→ **What to work on**
What is needed is a word-for-word copy of the listing below, without pictures.

→ **Data shown**
··········

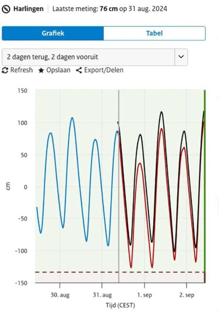 Het astronimisch en verwacht tij op de dag dat we vanaf Koehool vertrekken.
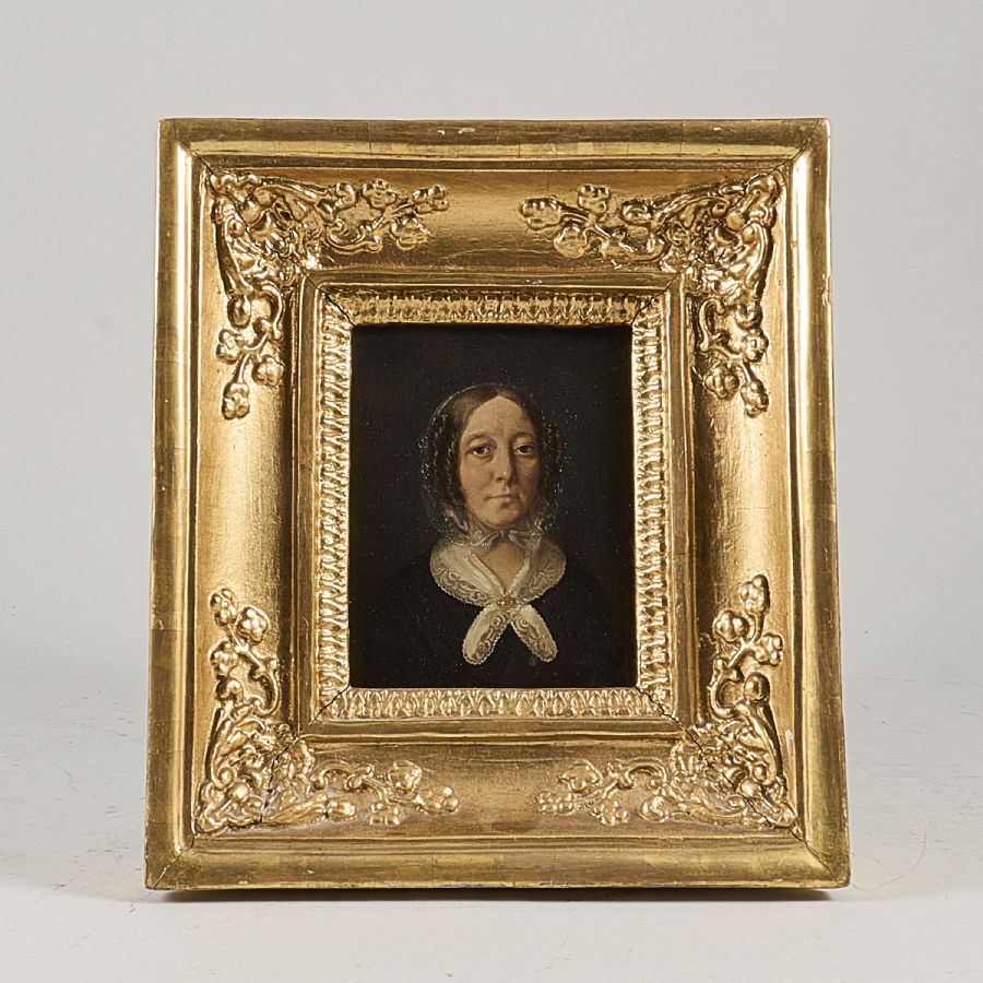 unidentified artist. No signature, empire damporträtt. Oil on canvas, 13x10 cm, outer dimensions including frame: 26x23,
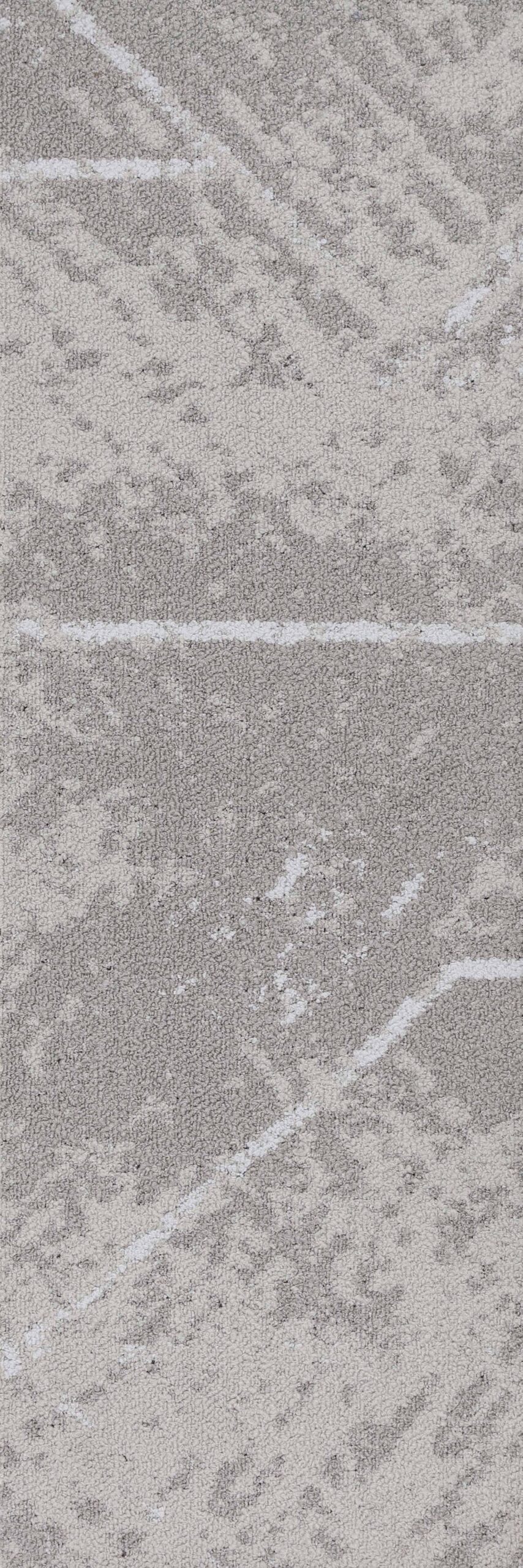 Nylon plank carpet tiles in ColourPoint construction on PVC backing in geometric abstract motif.
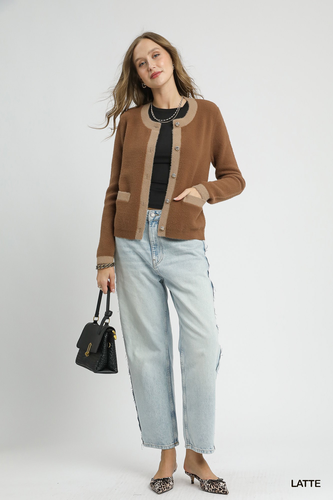 This Two-Tone Button Front Cardigan Sweater is a classic and versatile piece that is perfect for layering. It features a round crew neckline and metallic buttons for a touch of sophistication. The two front patch pockets with contrast trim add both style and functionality to the cardigan. Please note that this cardigan is not lined, making it a lightweight option for various occasions. Elevate your look with this stylish and comfortable cardigan sweater.

··········

→ **Output for this exercise**
 Het astronimisch en verwacht tij op de dag dat we vanaf Koehool vertrekken.
 unidentified artist. No signature, empire damporträtt. Oil on canvas, 13x10 cm, outer dimensions including frame: 26x23,
 Nylon plank carpet tiles in ColourPoint construction on PVC backing in geometric abstract motif.
 This Two-Tone Button Front Cardigan Sweater is a classic and versatile piece that is perfect for layering. It features a round crew neckline and metallic buttons for a touch of sophistication. The two front patch pockets with contrast trim add both style and functionality to the cardigan. Please note that this cardigan is not lined, making it a lightweight option for various occasions. Elevate your look with this stylish and comfortable cardigan sweater.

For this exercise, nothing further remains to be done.